*AIM OF THE EXERCISE*:
Could you set down the lines from the first line of the entries below through the line with "Прошейте ещё одну", exactly and with no pictures?

Stored entries

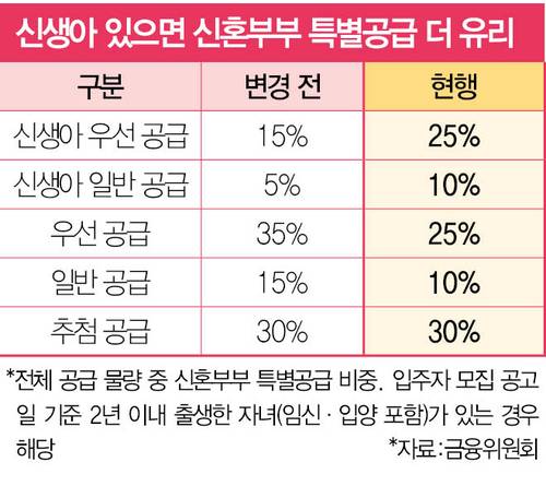 신생아가 있는 가구는 청약 당첨 기회가 더 높아졌다. 입주자 모집 공고일을 기준으로 2년 내 태어난 자녀(임신·입양 포함)가 있으면 지원할 수 있는 신생아 우선 공급 물량은 15% → 25%, 신생아 일반 공급 물량은 5% → 10%로 늘어났다. 대신, 국민주택이나 공공주택의 신혼부부 특별공급 물량은 그대로에 국민주택은 30%, 공공주택은 10~15% 내에 물량을 배정한다.
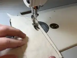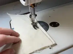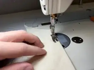 Прошейте ещё одну прямую линию по обрезку ткани рядом с предыдущей линией.
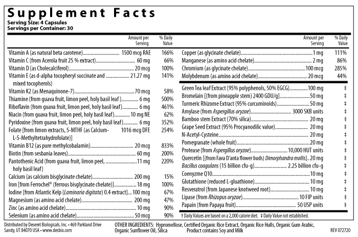 OmniEssentials is a multivitamin and mineral formula that incorporates whole-food vitamins with bioavailable micronutrients. With select specialty ingredients to support digestion, detoxification, and antioxidant activity, OmniEssentials provides the ultimate daily blend for health and well-being. Available with and without iron.
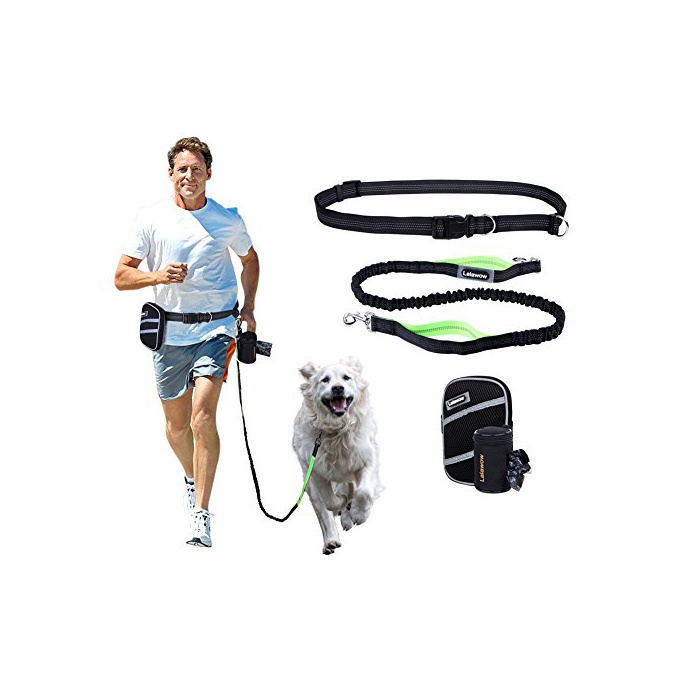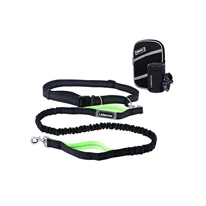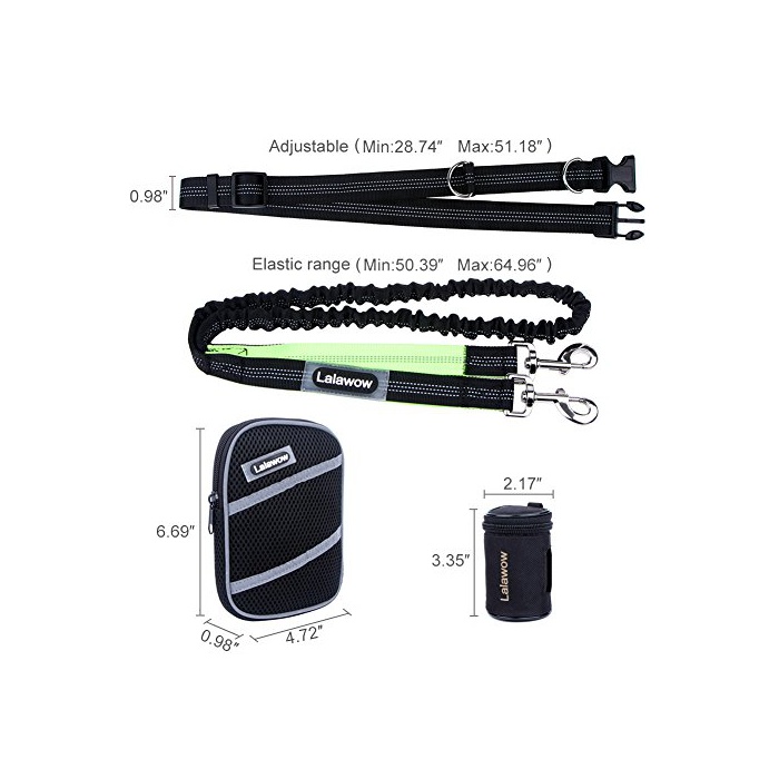 Lalawow 개 리드 신축 리이슈 핸드프리 야광 효과 웨스트 벨트 산책대 용량 웨스트 백+쓰레기 케이스+쓰레기봉지15 매부착
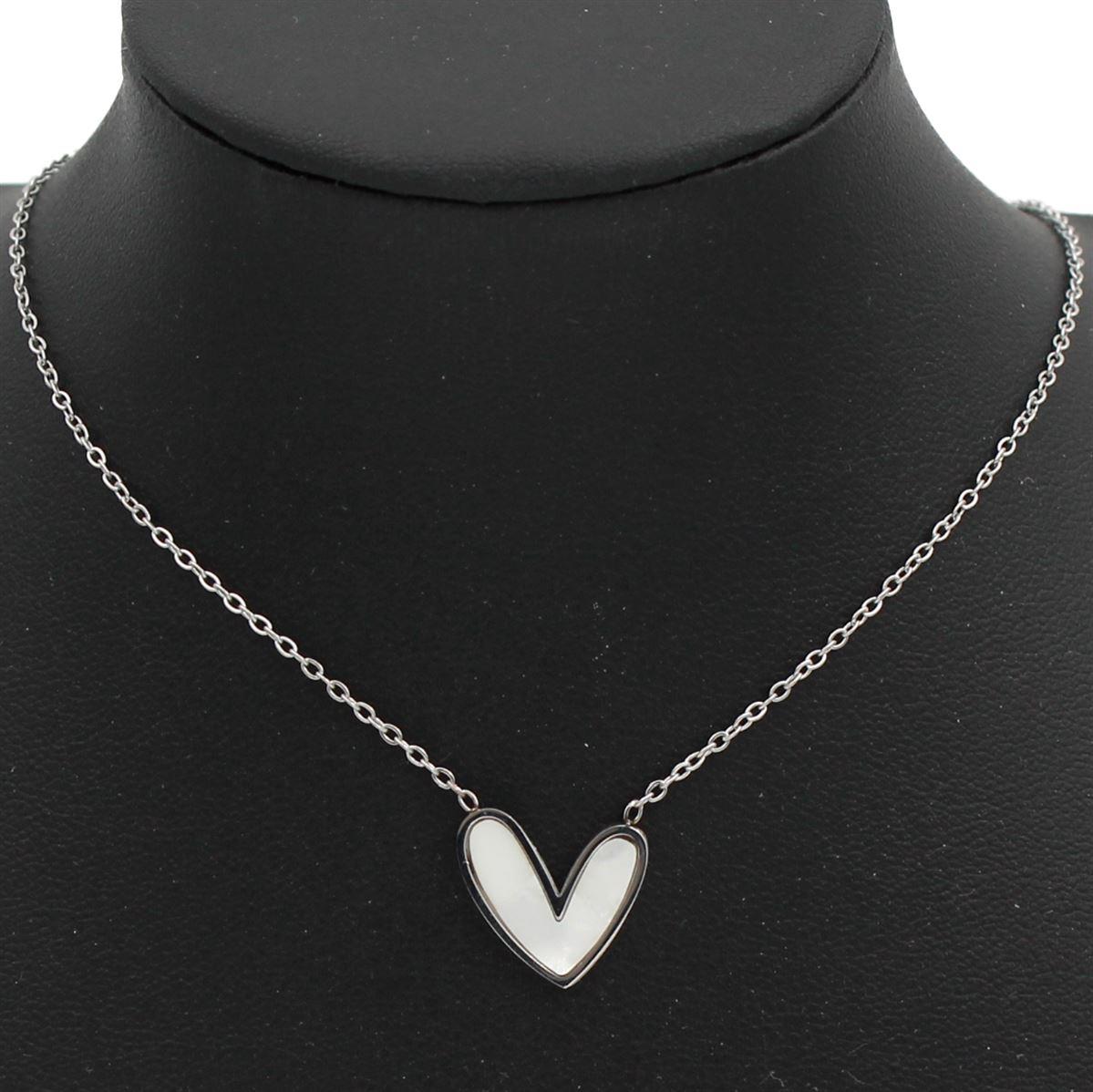 Ατσάλινο κολιέ "καρδιά με φίλντισι" μήκος 44εκ.+προέκταση 70432
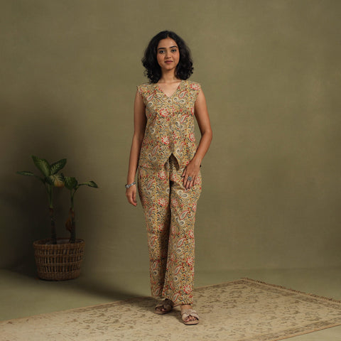Stay stylish and comfortable in our beige Kalamkari cotton co-ord set, block printed using the traditional Pedana technique. Crafted from naturally dyed, breathable cotton, this two-piece ensemble features a sleeveless V-neck top with front-button detailing for a relaxed fit, paired with easy-going, elasticated waist palazzos featuring two practical side pockets. A perfect choice for all-day wear.
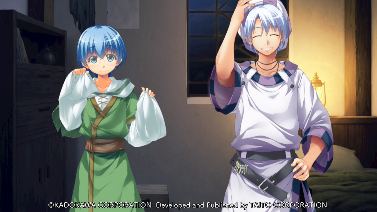2boys ^_^ aleph_coulson_(revival) atelier-moo belt black_belt blue_eyes blue_hair christpher_cross_(revival) clenched_teeth closed_eyes closed_mouth collarbone cowboy_shot game_cg glasses hair_between_eyes hand_on_own_head hooded_robe indoors layered_sleeves long_sleeves multiple_boys night non-web_source official_art oversized_clothes purple_shirt robe shirt short_hair short_over_long_sleeves short_sleeves sleeves_past_wrists smile standing striped_hat teeth three-quarter_sleeves white_hair yuukyuu_gensoukyoku yuukyuu_gensoukyoku_revival
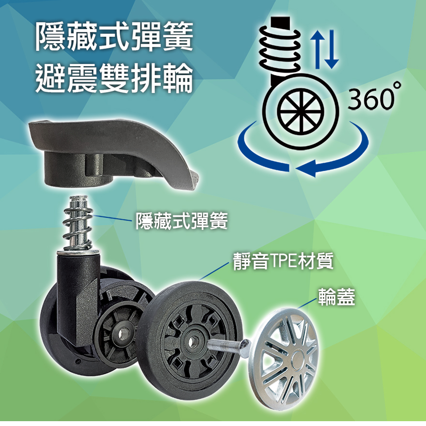 特色:TSA海關鎖、雙內裡隔網、加大15-30%、雙X型束帶、大片鋁護角、鋁合金拉桿、掛包扣、防爆雙層拉鏈、PC卡夢紋膜片、內避震彈簧雙排輪
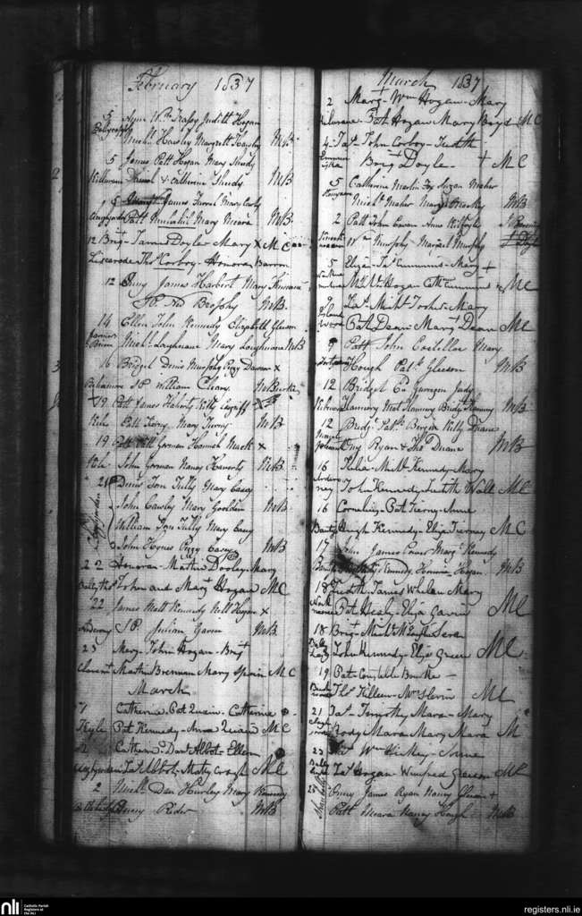 Cloughjordan; County of Tipperary; Diocese of Killaloe. Baptisms, Feb. 1837 to Mar. 1837
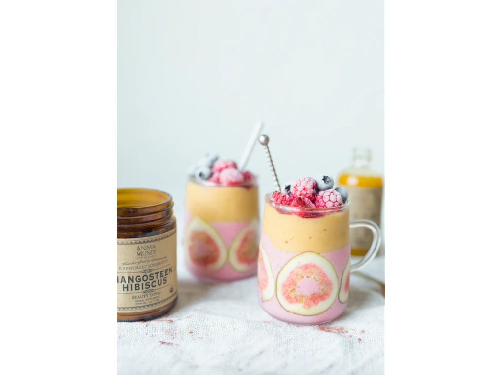 Mangostan a ibišek patří mezi skutečné rostlinné poklady. Domorodé kmeny z jihu Asie i Jižní Ameriky se k plodům mangostanu obracely pro pomoc s různými obtížemi, proto si vysloužily přezdívku Ovoce bohů. Ibišek pak hrdě nese nickname Král tropických květů. V Anima Mundi pečlivě hlídají, aby oba přírodní skvosty vyrostly v ekologických podmínkách. Mangostan pochází z Brazílie a Thajska, květy ibišku z Kostariky a dalších zemí Střední Ameriky, vždy podle sezóny. Mangostan, jak strom, tak jeho plody, nepotřebují chemickou ochranu proti škůdcům. Mají skvělé obranné mechanismy a silné bioaktivní látky, kterými se dokáží bránit. Právě těmi pomáhají i lidskému tělu. Ze spousty blahodárných látek v ibišku i mangostanu vypíchneme ty zásadní. Oba přírodní poklady obsahují vysoké množství vitamínu C. Plod mangostanu je pak považován za nejbohatší přírodním zdroj antioxidantů xanthonů na světě. Kromě nich obsahují plody také významné polysacharidy, katechiny, polyfenoly, vitamin C a B1, železo, vápník, fosfor a vlákninu.
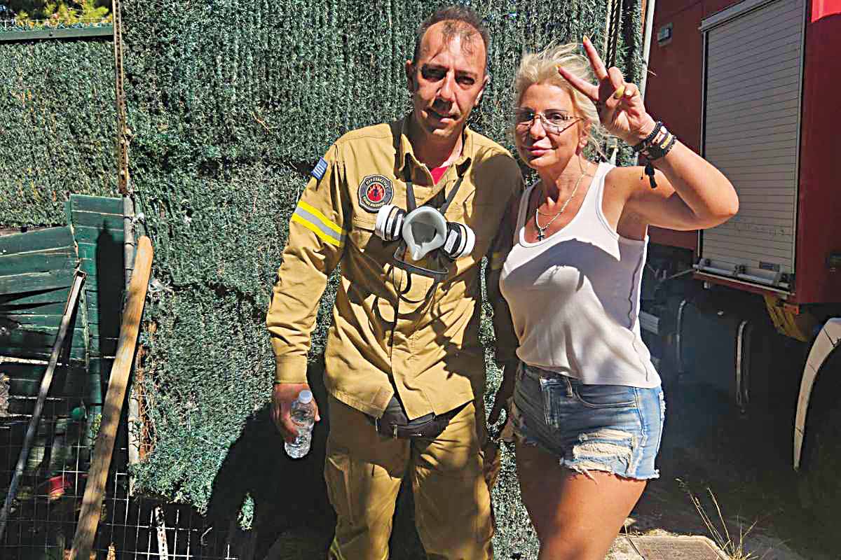 «Ηταν μεσημέρι, γύρω στη μία, όταν ένιωσα ξαφνικά έντονη ζέστη και βγαίνοντας από το σπίτι του κτήματος είδα μαύρους καπνούς σε κοντινή απόσταση» μας λέει η ίδια, περιγράφοντας τις δραματικές ώρες που έζησε. Αμέσως επικοινώνησε με τον άντρα της, που ήταν στη δουλειά του, και μέσα σε δέκα λεπτά που έκανε εκείνος να σπεύσει για βοήθεια η φωτιά «έγλειφε» ήδη την αυλή τους.
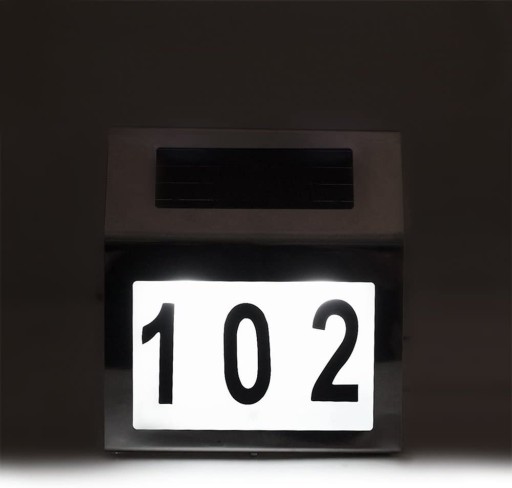 - PODŚWIETLENIE ZASILANE SŁONECZNIE I CZUJNIK ZMIERZCHU – panel słoneczny ładujący znajdującą się w zestawie baterię akumulatorową, która zasila 2 wydajne LED-y sprawia, że numer jest dobrze widoczny wieczorem i wczesnym rankiem; uruchomienie oświetlenia reguluje czujnik zmierzchu, który reaguje na zmianę natężenia padających promieni świetlnych.

*ANSWER TO THE EXERCISE*:
 신생아가 있는 가구는 청약 당첨 기회가 더 높아졌다. 입주자 모집 공고일을 기준으로 2년 내 태어난 자녀(임신·입양 포함)가 있으면 지원할 수 있는 신생아 우선 공급 물량은 15% → 25%, 신생아 일반 공급 물량은 5% → 10%로 늘어났다. 대신, 국민주택이나 공공주택의 신혼부부 특별공급 물량은 그대로에 국민주택은 30%, 공공주택은 10~15% 내에 물량을 배정한다.
 Прошейте ещё одну прямую линию по обрезку ткани рядом с предыдущей линией.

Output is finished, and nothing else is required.